Brief:
Quote the listing in full, exactly as given, minus any pictures.

Input data:
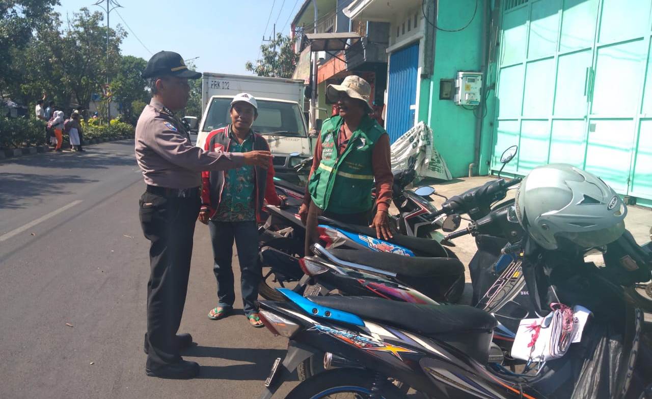 Seputarperak.com- Himbauan ketertiban disampaikan Ipda Munir, Panit Binmas Polsek Semampir, Polres Pelabuhan Tanjung Perak kepada petugas parkir di Jalan Sidotopo Lor.
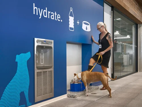 As a provider of veterinary services, it’s no surprise that Banfield is passionate about pets—they even encourage employees to bring their dogs and cats to work! Our brand team was hired to bring that passion to life in their new headquarters. We worked closely with the interior design team to integrate graphics into the environment—from mission and vision wall visuals, to playful installations like pet hydration stations that add character to the space. The multi-story dog ramp features glass railings treated with silhouettes of animals in motion on one side and playful text on the other. We also designed a signage system with colored zones to help employees and visitors navigate the large headquarters and created customizable signage at department entries to support the sense of community Banfield wanted to nurture.
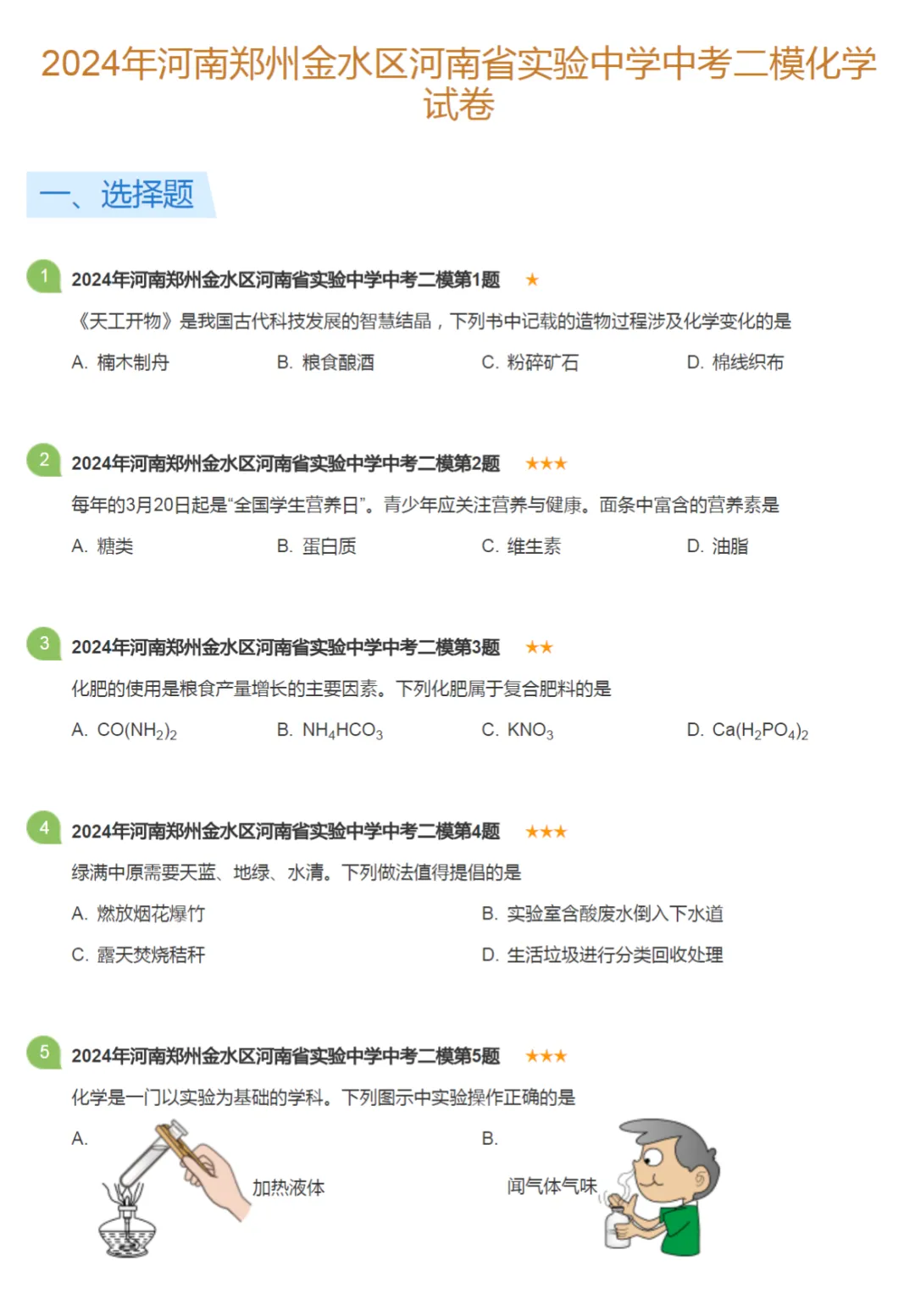 2018-2024学年河南郑州中考二模化学真题及答案解析

Answer:
 Seputarperak.com- Himbauan ketertiban disampaikan Ipda Munir, Panit Binmas Polsek Semampir, Polres Pelabuhan Tanjung Perak kepada petugas parkir di Jalan Sidotopo Lor.
 As a provider of veterinary services, it’s no surprise that Banfield is passionate about pets—they even encourage employees to bring their dogs and cats to work! Our brand team was hired to bring that passion to life in their new headquarters. We worked closely with the interior design team to integrate graphics into the environment—from mission and vision wall visuals, to playful installations like pet hydration stations that add character to the space. The multi-story dog ramp features glass railings treated with silhouettes of animals in motion on one side and playful text on the other. We also designed a signage system with colored zones to help employees and visitors navigate the large headquarters and created customizable signage at department entries to support the sense of community Banfield wanted to nurture.
 2018-2024学年河南郑州中考二模化学真题及答案解析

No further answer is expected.